What to work on
Look below for the line that contains "Spesialetterforsker Robert Mueller", then copy it and each following line to the end of the records, minus any pictures.

Start of Block

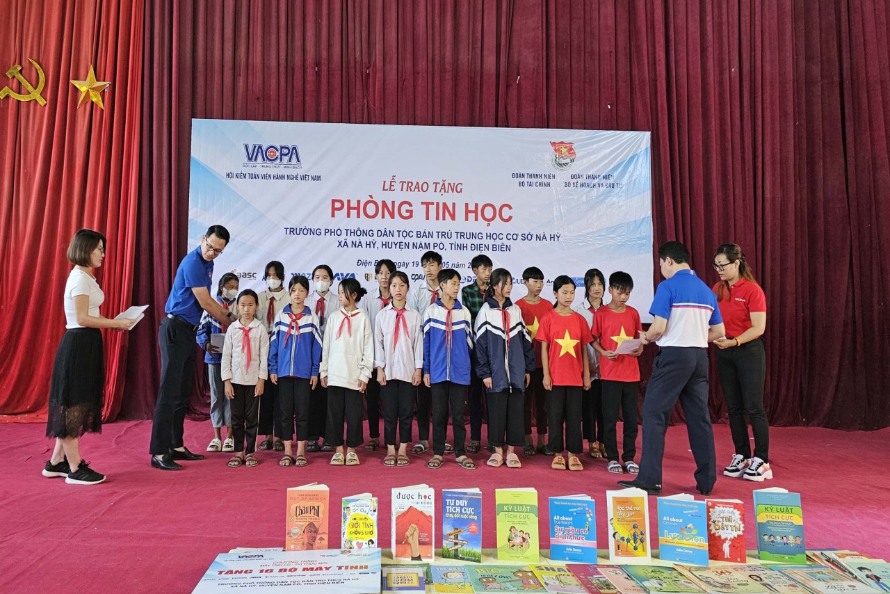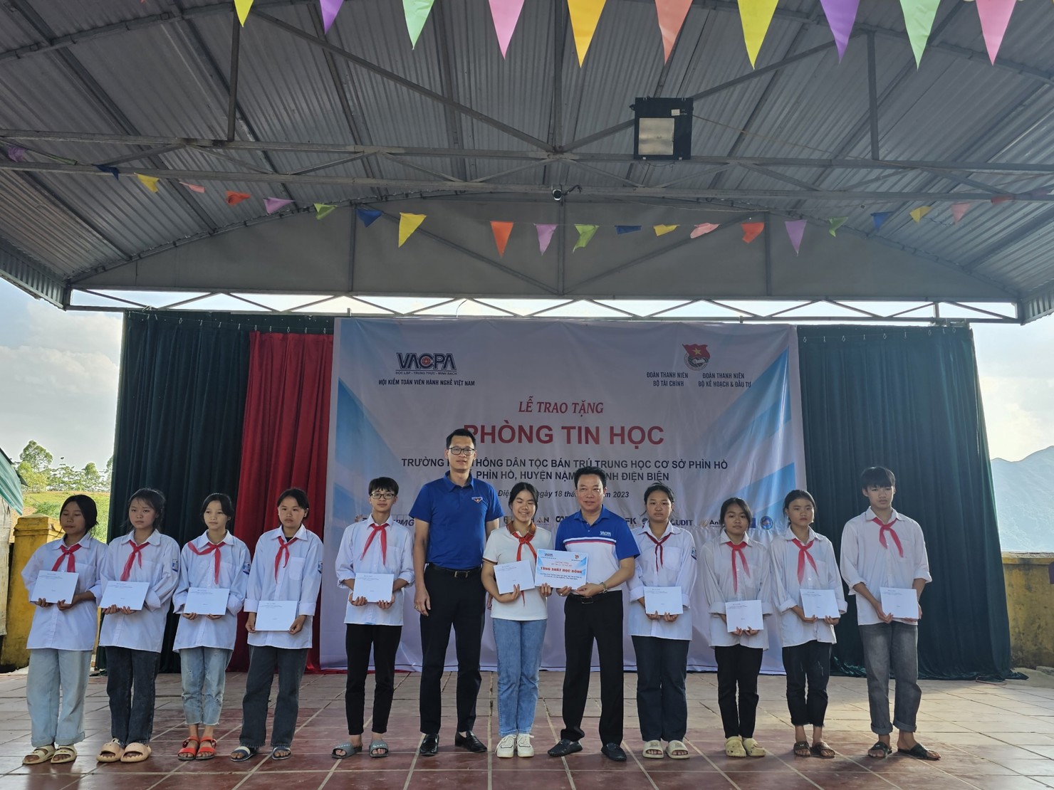 Năm 2023 là năm thứ 6, CPA VIETNAM đồng hành cùng VACPA tiếp tục thực hiện chương trình trao tặng máy tính và các suất học bổng cho các em học sinh tại hai trường có địa bàn khóa khăn, xa xôi thuộc tỉnh Điện Biên đó là PTDT bán trú Phìn Hồ và PTDT bán trú Nà Hỳ cùng thuộc huyện Nậm Pồ do Ông Nguyễn Phú Hà – Ủy viên Ban chấp hành VACPA – Chủ tịch HĐTV, Tổng giám đốc Công ty Kiểm toán CPA VIETNAM làm trưởng đoàn. Tham dự buổi lễ trao tặng này còn có đại diện của Phòng Giáo dục và đào tạo huyện Nậm Pồ, các cơ quan, đơn vị của xã Phìn Hồ/xã Nà Hỳ tỉnh Điện Biên.
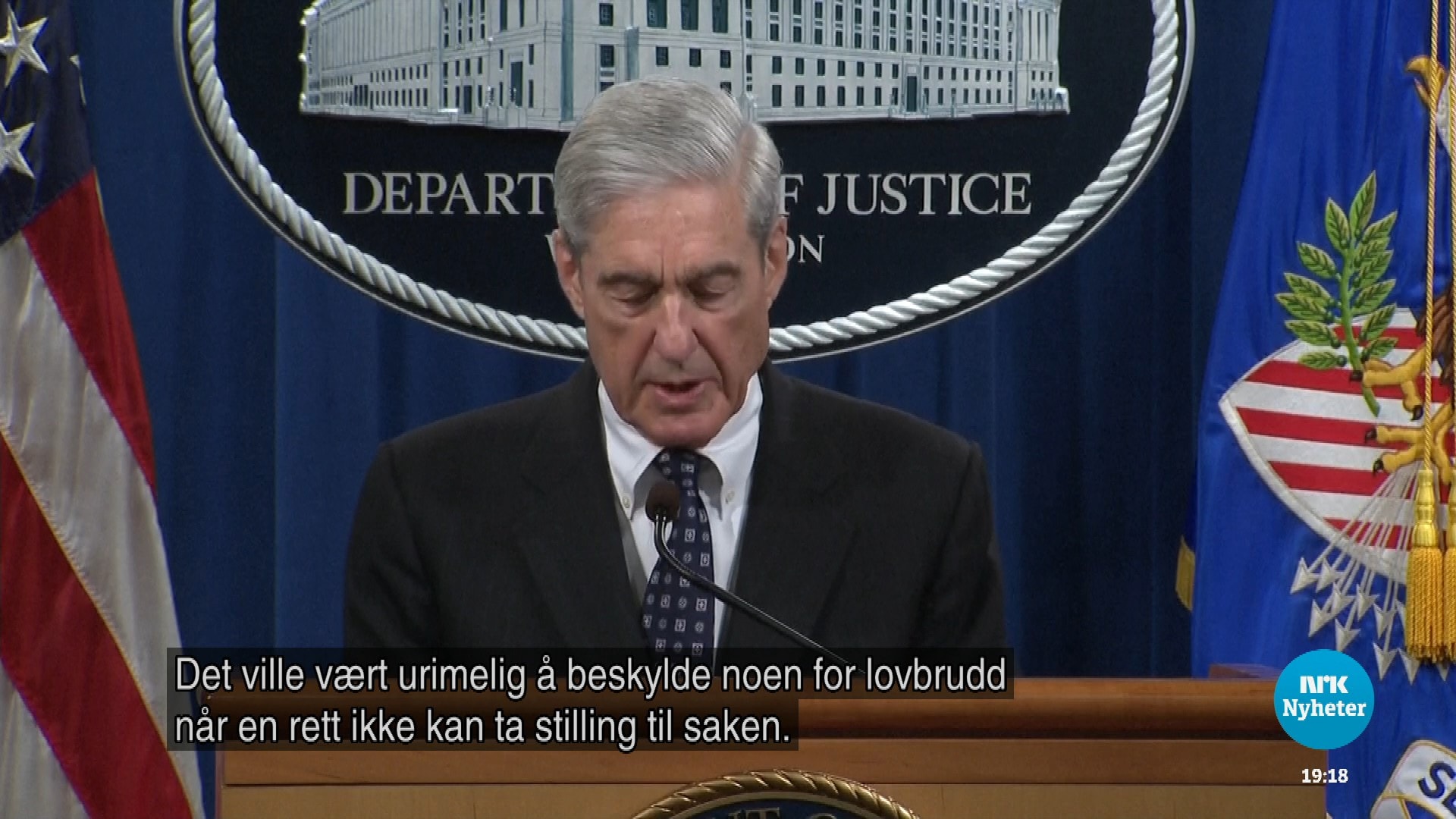 Spesialetterforsker Robert Mueller sier han ikke hadde mulighet til å tiltale president Donald Trump for lovbrudd.
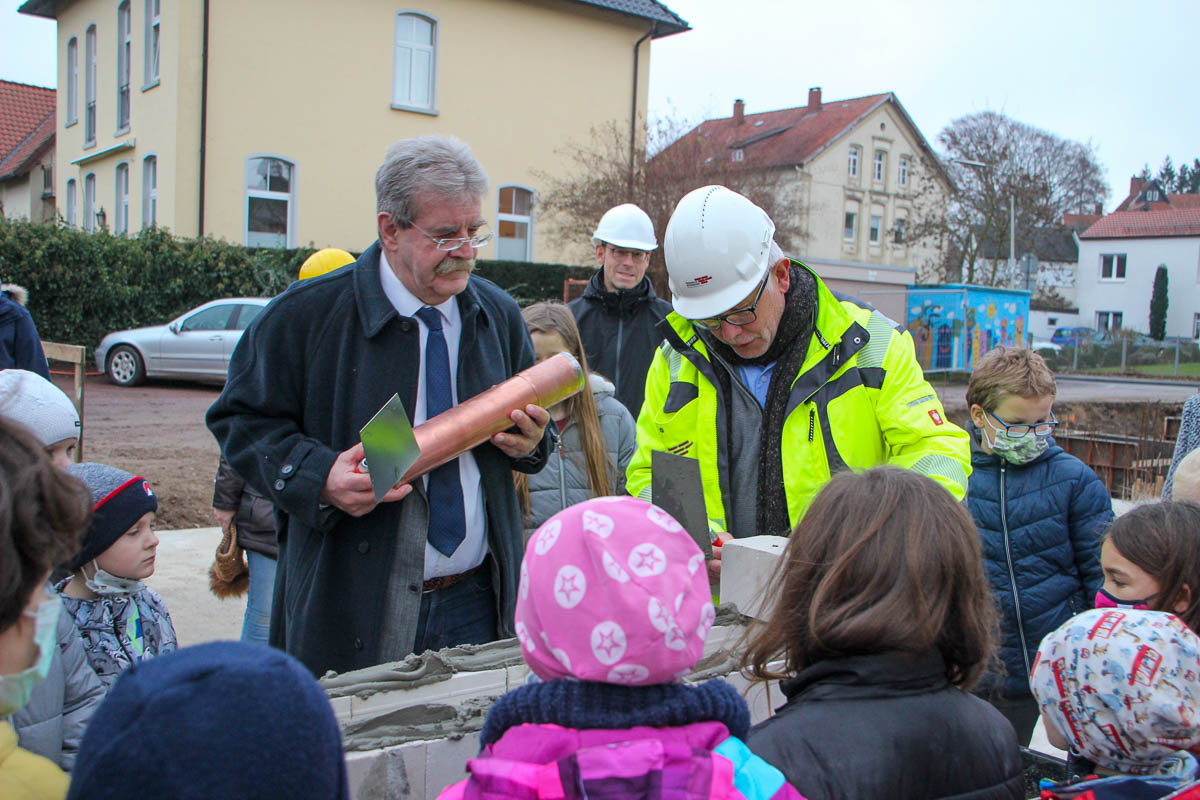 Christian Schütte, Fachgebietsleitung Familie und Soziales, sorgte gewissenhaft dafür, dass alle diese Werke, gemeinsam mit einer Zeitung, den Weg in die Zeitkapsel fanden. Peter Kohlmann, stellvertretender Bürgermeister der Stadt Bückeburg, richtete das Wort an die Anwesenden: „Ein besonderer Tag für die Stadt und für die Grundschule, denn heute legen wir den Grundstein für die Sanierung und Erweiterung eines zukunftgerichteten Lernortes. Danke an alle, die sich für dieses anspruchsvolle Projekt eingesetzt haben, das uns noch einige Jahre begleiten wird.“ Der Neubau wird neben der Mensa noch weitere Räume, unter anderem für den Jugendchor, enthalten und soll im kommenden Jahr fertiggestellt werden. Dann geht es am Hauptgebäude mit der Dachsanierung und dem sukzessiven Ausbau der einzelnen Geschosse weiter. 2025 soll die Sanierung abgeschlossen sein.
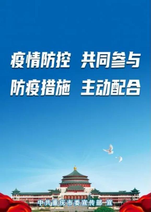 可查看重庆疾控微信公众号广大市民要及时关注各地疫情防控部门发布的管控通告、健康提示、病例活动轨迹等,配合做好相应的防控措施。如收到协查通知或发现与通报的病例有时空交集,立即主动通过渝康码、“社区报告二维码”等途径向所在地社区(村)、单位报告。进入公共场所配合做好检测体温,主动出示“渝康码”“行程码”,扫描“场所码”。
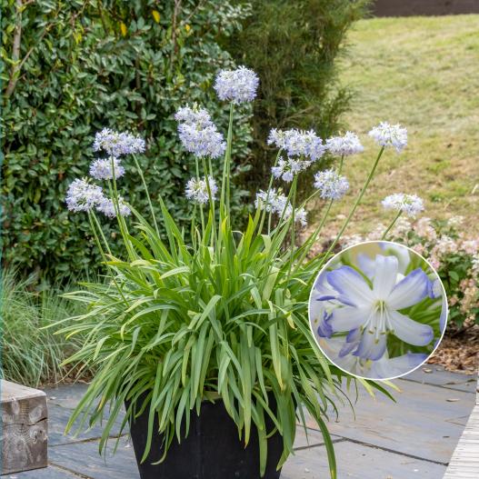 Cette variété au coloris unique qui mélange le blanc et le bleu ciel sur des grandes fleurs est abondante en floraison d'été. Les plantes sont résisantes au froid et elles fleurissent longtemps en pot comme en bac. À marier avec des graminées de faible dimension pour apporter la légèreté et mettre en évidence les grandes fleurs.

End of Block

Solution
 Spesialetterforsker Robert Mueller sier han ikke hadde mulighet til å tiltale president Donald Trump for lovbrudd.
 Christian Schütte, Fachgebietsleitung Familie und Soziales, sorgte gewissenhaft dafür, dass alle diese Werke, gemeinsam mit einer Zeitung, den Weg in die Zeitkapsel fanden. Peter Kohlmann, stellvertretender Bürgermeister der Stadt Bückeburg, richtete das Wort an die Anwesenden: „Ein besonderer Tag für die Stadt und für die Grundschule, denn heute legen wir den Grundstein für die Sanierung und Erweiterung eines zukunftgerichteten Lernortes. Danke an alle, die sich für dieses anspruchsvolle Projekt eingesetzt haben, das uns noch einige Jahre begleiten wird.“ Der Neubau wird neben der Mensa noch weitere Räume, unter anderem für den Jugendchor, enthalten und soll im kommenden Jahr fertiggestellt werden. Dann geht es am Hauptgebäude mit der Dachsanierung und dem sukzessiven Ausbau der einzelnen Geschosse weiter. 2025 soll die Sanierung abgeschlossen sein.
 可查看重庆疾控微信公众号广大市民要及时关注各地疫情防控部门发布的管控通告、健康提示、病例活动轨迹等,配合做好相应的防控措施。如收到协查通知或发现与通报的病例有时空交集,立即主动通过渝康码、“社区报告二维码”等途径向所在地社区(村)、单位报告。进入公共场所配合做好检测体温,主动出示“渝康码”“行程码”,扫描“场所码”。
 Cette variété au coloris unique qui mélange le blanc et le bleu ciel sur des grandes fleurs est abondante en floraison d'été. Les plantes sont résisantes au froid et elles fleurissent longtemps en pot comme en bac. À marier avec des graminées de faible dimension pour apporter la légèreté et mettre en évidence les grandes fleurs.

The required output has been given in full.